======== GIVEN ENTRIES ========

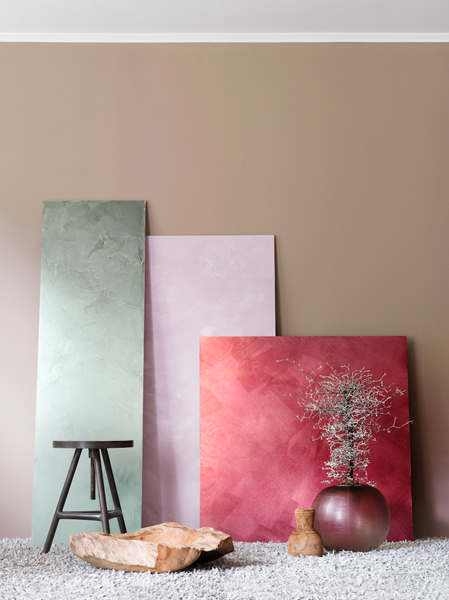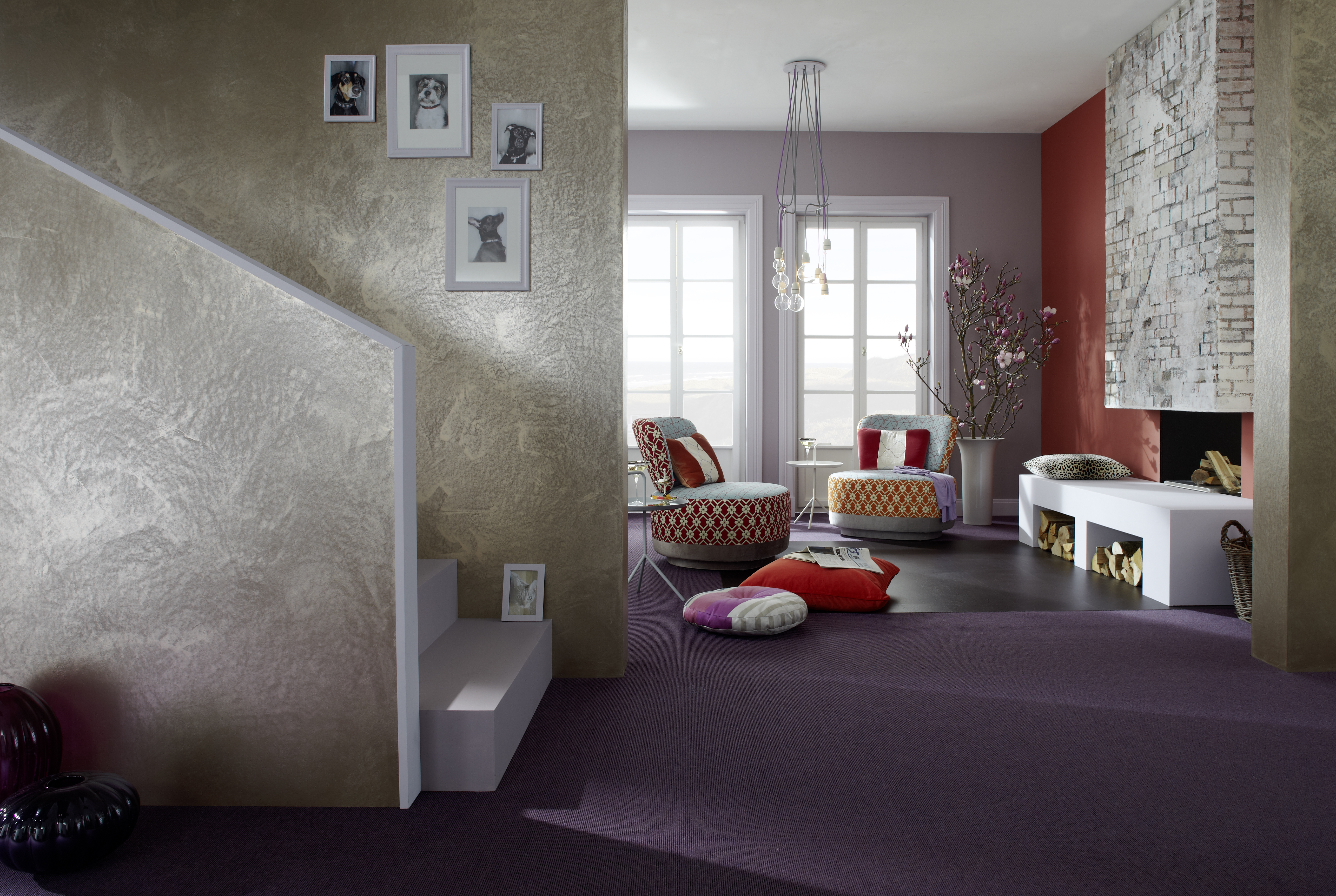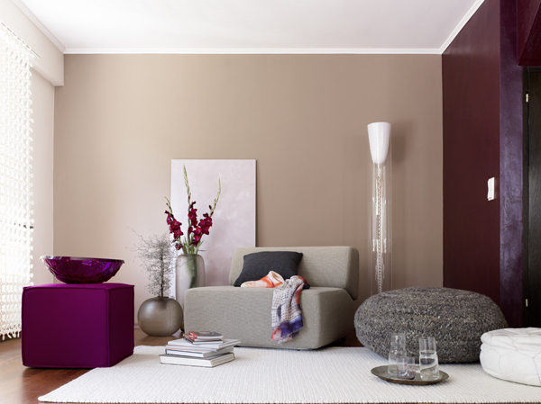 Das auf Architektur- und Farbdesign spezialisierte Büro TSP.DESIGN Talledo, Schlegel & Partner aus Frankfurt präsentierte der Familie die Caparol Trendkollektion 2012|2013 mit vier verschiedenen Trendwelten zur Inspiration. "Wir fanden alle vier Themenwelten sehr schön, sehr harmonisch und trendy" war das Feedback von Familie B. Zwei Trends gefielen aber besonders gut: reurban und extraordinary. Die aus Beerentönen, Mintgrün- und Beigenuancen bestehende Trendwelt "extraordinary" machte jedoch das Rennen. Die Trendwelt, die warm, umhüllend, luxuriös aber auch extravagant wirkt, erschien durch die Violett- und Himbeerrotnuancen besonders stimmig zum vorhandenen Boden. Sie überzeugte durch die behagliche und gleichzeitig elegante, hochwertige Atmosphäre. Aber wie nun die favorisierte Farbwahl in den eigenen Räumlichkeiten einsetzen?
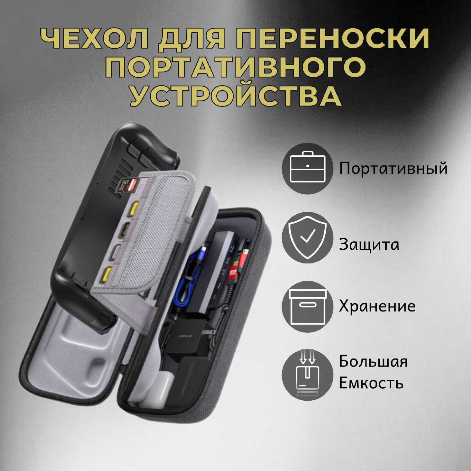 большой кейс для дальних поездок. в него умещается и зарядка и док станция и ещё остаётся свободное место)
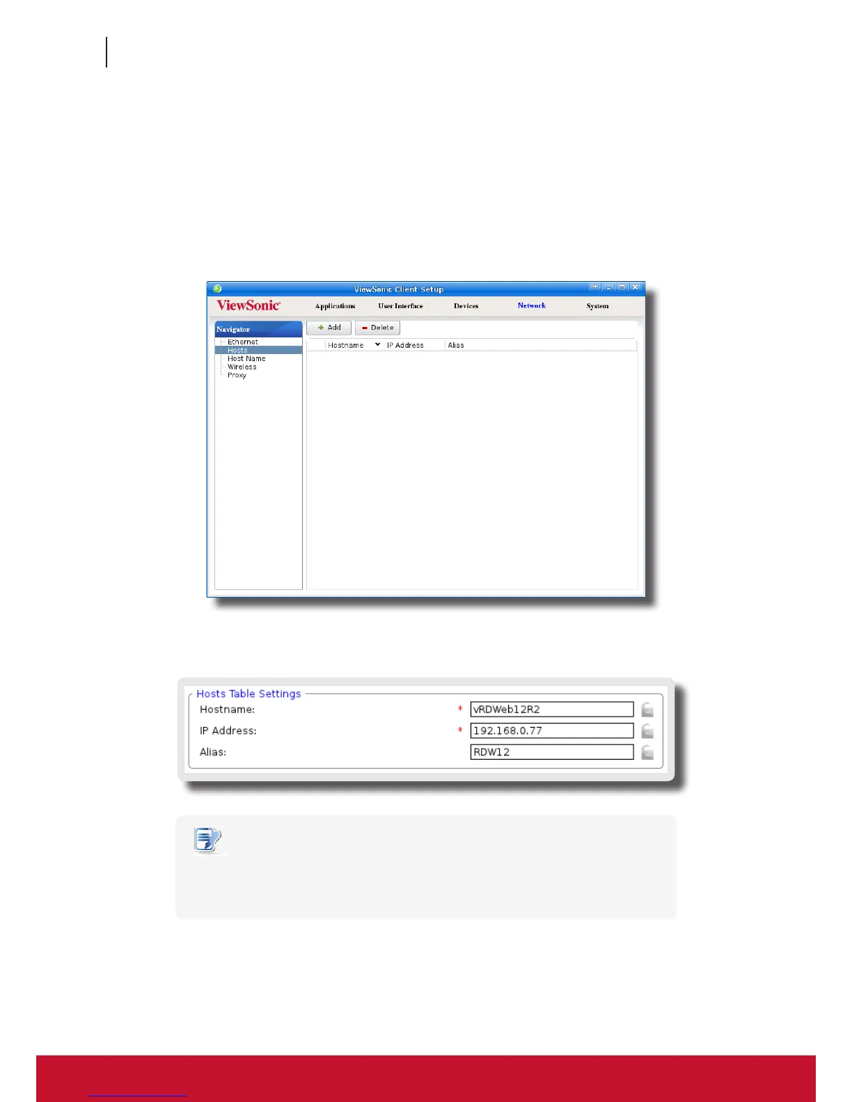 ViewSonic Client Setup allows you to use the name or alias of a host server instead of its IP address wherever you
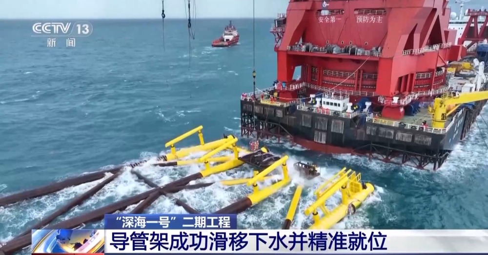 中國海油“深海一號”二期工程導(dǎo)管架海上安裝首席 黎世龍:“深海一號”二期工程導(dǎo)管架海上安裝采用滑移下水方式進(jìn)行。這種方式是利用導(dǎo)管架自身重力并配合液壓千斤頂助推,使導(dǎo)管架從駁船平穩(wěn)地滑入海中,再通過起重船將導(dǎo)管架吊裝扶正坐底,從而實(shí)現(xiàn)安裝就位。
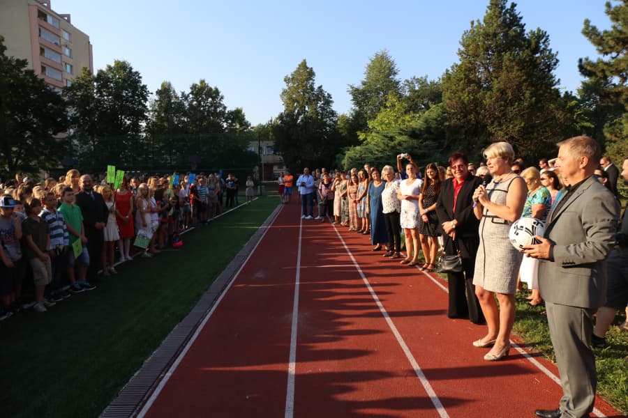 „Moc vás tu všechny po prázdninách vítám a mám radost, že vás tu můžu navíc přivítat na novém sportovním hřišti, které financovala žižkovská radnice částkou 2,7 milionu korun a které tímto slavnostně otvíráme,“ uvedl ředitel Václav Havelka.

========

Where pictures appear, drop them, and reproduce exactly only the lines running from the beginning of the data to the line that contains "ViewSonic Client Setup", inclusive.

 Das auf Architektur- und Farbdesign spezialisierte Büro TSP.DESIGN Talledo, Schlegel & Partner aus Frankfurt präsentierte der Familie die Caparol Trendkollektion 2012|2013 mit vier verschiedenen Trendwelten zur Inspiration. "Wir fanden alle vier Themenwelten sehr schön, sehr harmonisch und trendy" war das Feedback von Familie B. Zwei Trends gefielen aber besonders gut: reurban und extraordinary. Die aus Beerentönen, Mintgrün- und Beigenuancen bestehende Trendwelt "extraordinary" machte jedoch das Rennen. Die Trendwelt, die warm, umhüllend, luxuriös aber auch extravagant wirkt, erschien durch die Violett- und Himbeerrotnuancen besonders stimmig zum vorhandenen Boden. Sie überzeugte durch die behagliche und gleichzeitig elegante, hochwertige Atmosphäre. Aber wie nun die favorisierte Farbwahl in den eigenen Räumlichkeiten einsetzen?
 большой кейс для дальних поездок. в него умещается и зарядка и док станция и ещё остаётся свободное место)
 ViewSonic Client Setup allows you to use the name or alias of a host server instead of its IP address wherever you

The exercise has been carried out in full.